***** Provided material *****

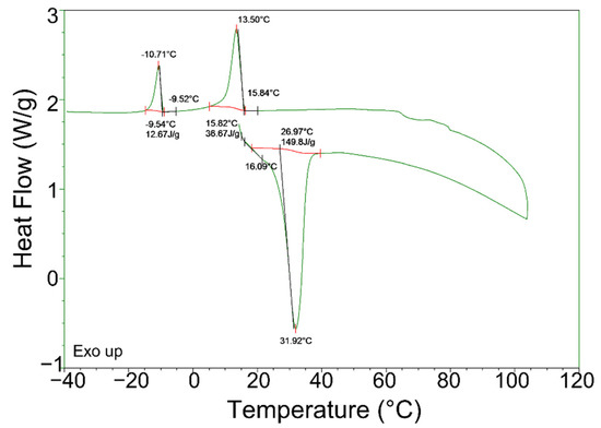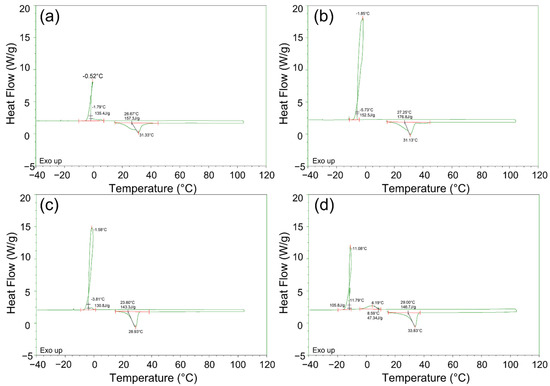 During the exothermic process, treated specimen 2 showed two exothermic peaks of onset temperatures of 15.8 and −9.5 °C, solidification temperatures of 13.5 and −10.7 °C, and latent heats of 36.6 and 12.6 J/g. The supercooling was mitigated via homogenization, but not fully prevented. The exothermic peak temperatures of treated specimen 2 were very similar to those of specimen 4, which had a melting temperature distinguishable from the room temperature.
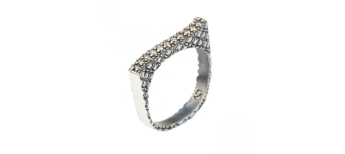 Anillo SUNFIELD de plata con brazo de 0,3 cm de ancho y circonitas de color cava.
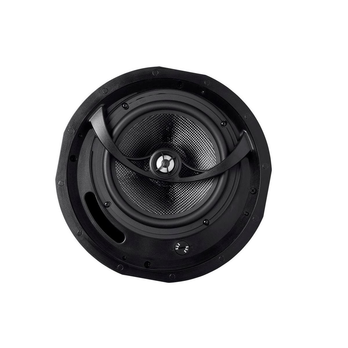 This carbon fiber in-ceiling speaker is the perfect combination of performance and style. The use of carbon fiber for the woofer means that the speaker can hit harder, go lower, and handle more power with significantly less distortion than conventional drivers. The silk dome tweeter produces clean, crisp, and clear highs and mids. You can fine tune the blend of sound using the built-in high frequency attenuator in case the sound is too bright. The metal grille can be painted to match your ceiling and attaches easily using magnets.
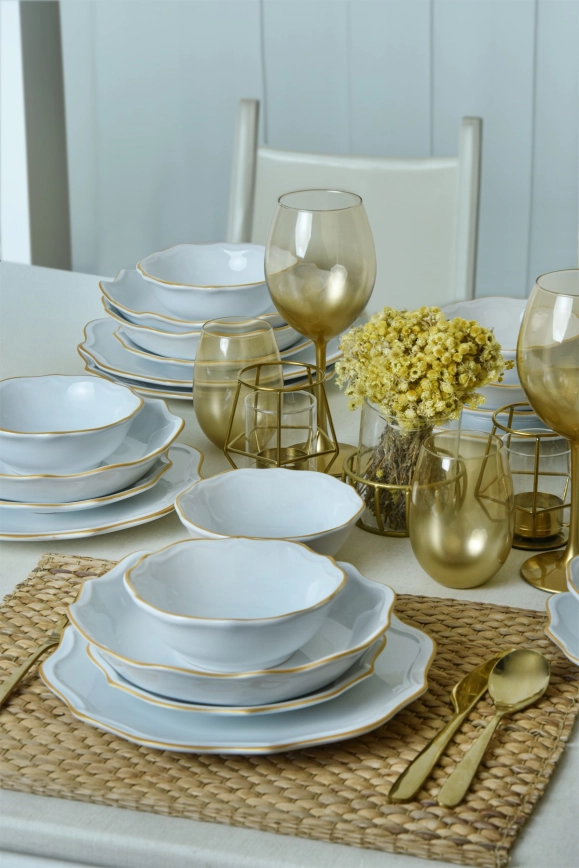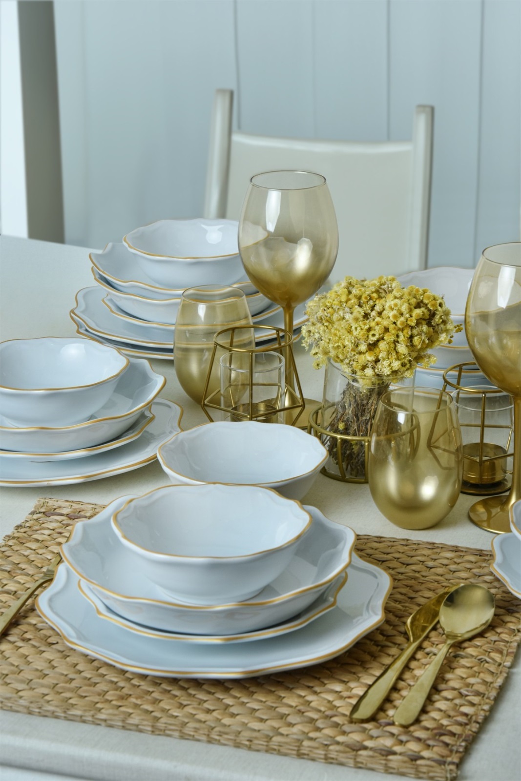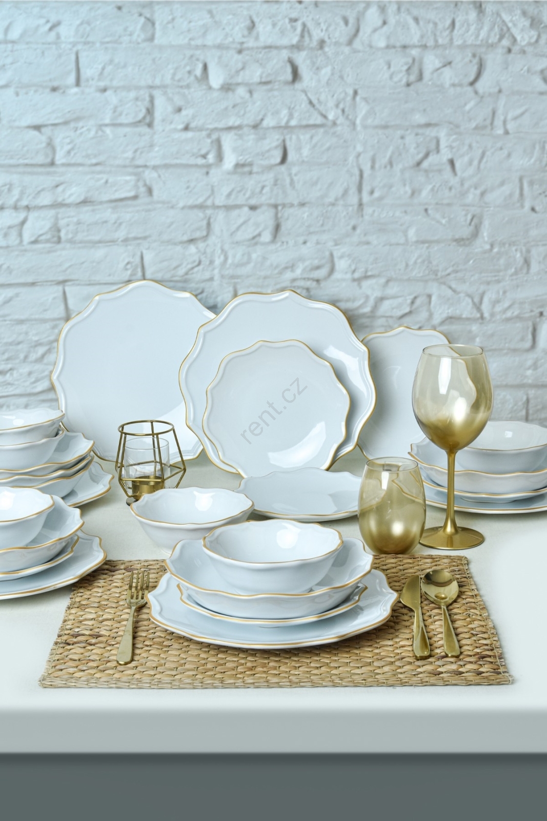 Jídelní sada 24 ks bílá/zlatá/kamenina
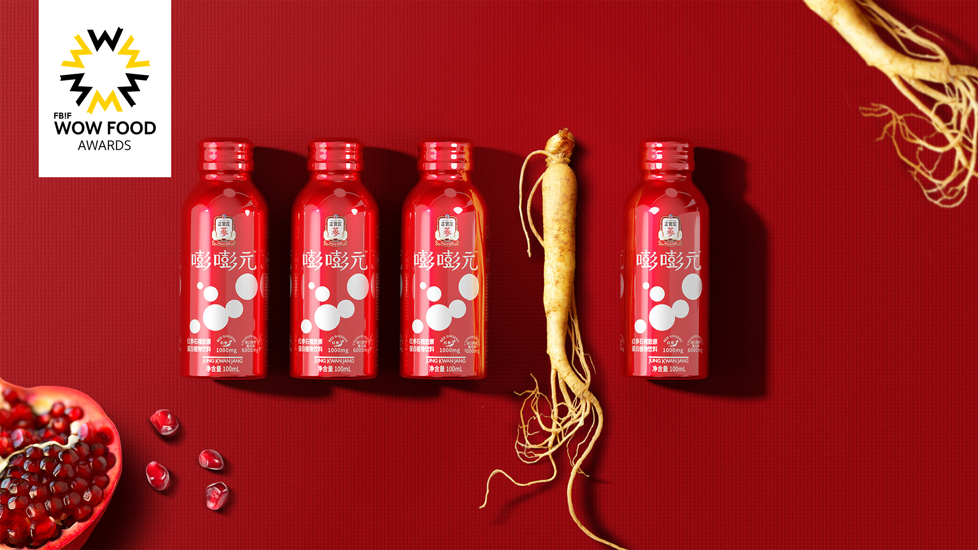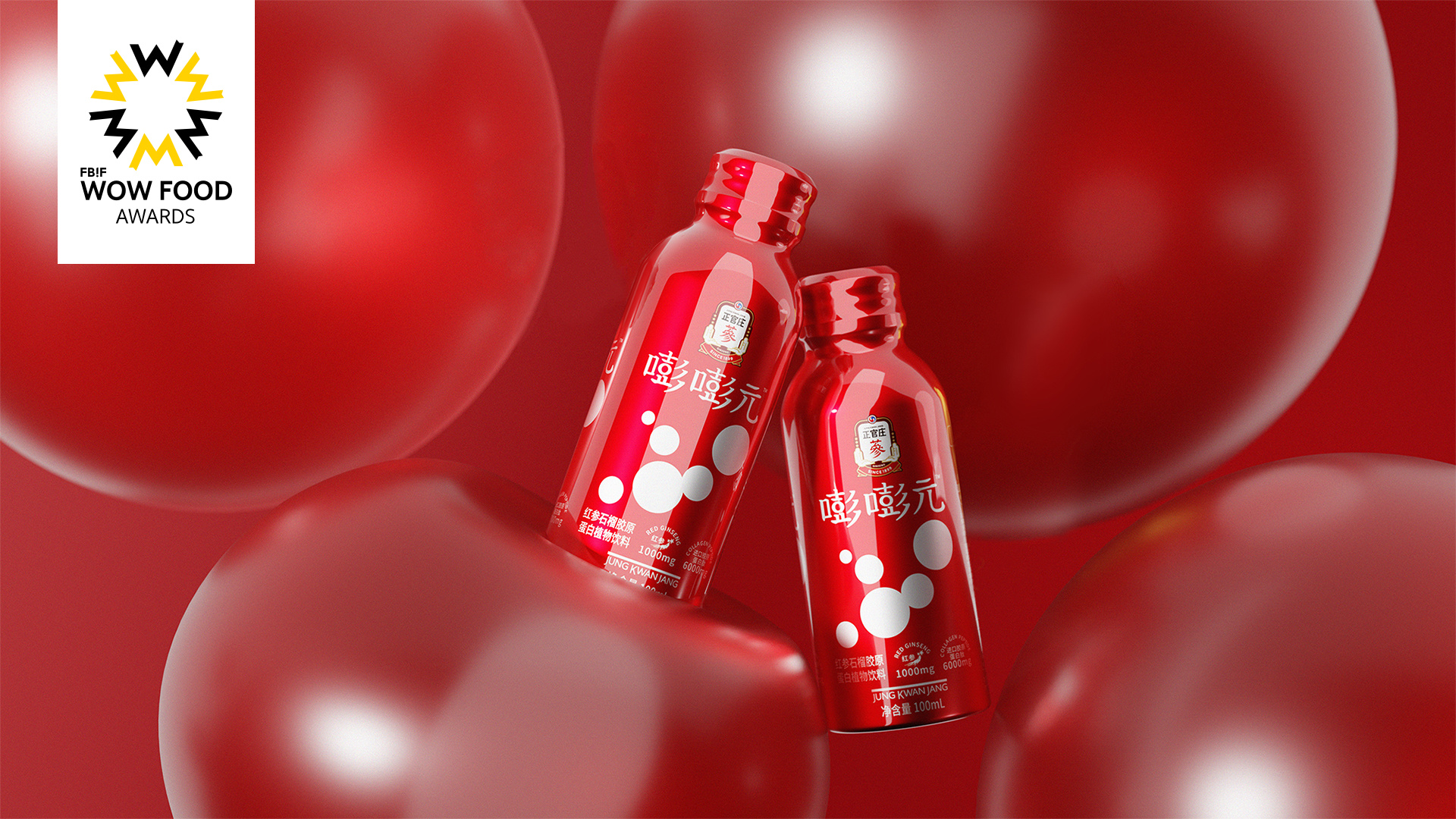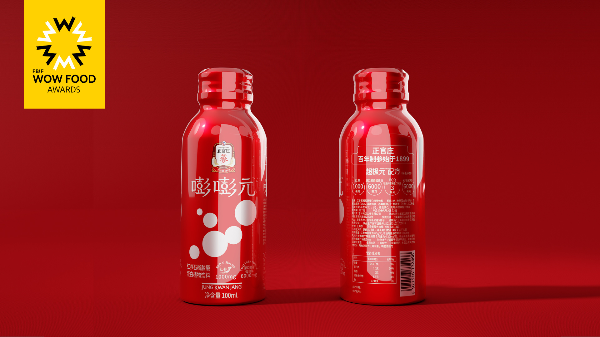 100毫升小红瓶随时滋补;嘭嘭元饮字体仿韩文设计,体现韩国正官庄百年制参品牌基因。亮金红色搭配胶原泡泡,寓意元气嘭嘭;外包装采用创新PET透明材质透出产品,年轻时尚,更利于商场产品展示。

*****

__Exercise brief__. Could you output all of the entries above exactly? Leave the pictures out.

__Task output__.
 During the exothermic process, treated specimen 2 showed two exothermic peaks of onset temperatures of 15.8 and −9.5 °C, solidification temperatures of 13.5 and −10.7 °C, and latent heats of 36.6 and 12.6 J/g. The supercooling was mitigated via homogenization, but not fully prevented. The exothermic peak temperatures of treated specimen 2 were very similar to those of specimen 4, which had a melting temperature distinguishable from the room temperature.
 Anillo SUNFIELD de plata con brazo de 0,3 cm de ancho y circonitas de color cava.
 This carbon fiber in-ceiling speaker is the perfect combination of performance and style. The use of carbon fiber for the woofer means that the speaker can hit harder, go lower, and handle more power with significantly less distortion than conventional drivers. The silk dome tweeter produces clean, crisp, and clear highs and mids. You can fine tune the blend of sound using the built-in high frequency attenuator in case the sound is too bright. The metal grille can be painted to match your ceiling and attaches easily using magnets.
 Jídelní sada 24 ks bílá/zlatá/kamenina
 100毫升小红瓶随时滋补;嘭嘭元饮字体仿韩文设计,体现韩国正官庄百年制参品牌基因。亮金红色搭配胶原泡泡,寓意元气嘭嘭;外包装采用创新PET透明材质透出产品,年轻时尚,更利于商场产品展示。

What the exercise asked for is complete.